• [RECORDS SHOWN]
--- START ---

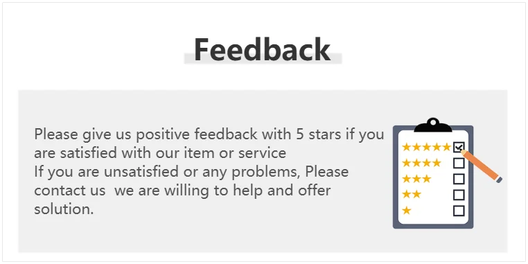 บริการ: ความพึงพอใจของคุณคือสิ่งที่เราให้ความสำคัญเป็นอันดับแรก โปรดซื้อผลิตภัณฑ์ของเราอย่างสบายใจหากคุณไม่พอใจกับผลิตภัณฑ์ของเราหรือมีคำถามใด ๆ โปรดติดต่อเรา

--- END ---
--- START ---

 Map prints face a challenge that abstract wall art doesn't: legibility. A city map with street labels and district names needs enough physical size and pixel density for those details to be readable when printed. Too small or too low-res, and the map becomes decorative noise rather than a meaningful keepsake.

--- END ---
--- START ---

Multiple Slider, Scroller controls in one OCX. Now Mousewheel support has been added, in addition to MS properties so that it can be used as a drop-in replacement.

--- END ---

• [EXERCISE GOAL]
Look over the material and return every line where the word "that" is found.

• [ANSWER SECTION]
 Map prints face a challenge that abstract wall art doesn't: legibility. A city map with street labels and district names needs enough physical size and pixel density for those details to be readable when printed. Too small or too low-res, and the map becomes decorative noise rather than a meaningful keepsake.
Multiple Slider, Scroller controls in one OCX. Now Mousewheel support has been added, in addition to MS properties so that it can be used as a drop-in replacement.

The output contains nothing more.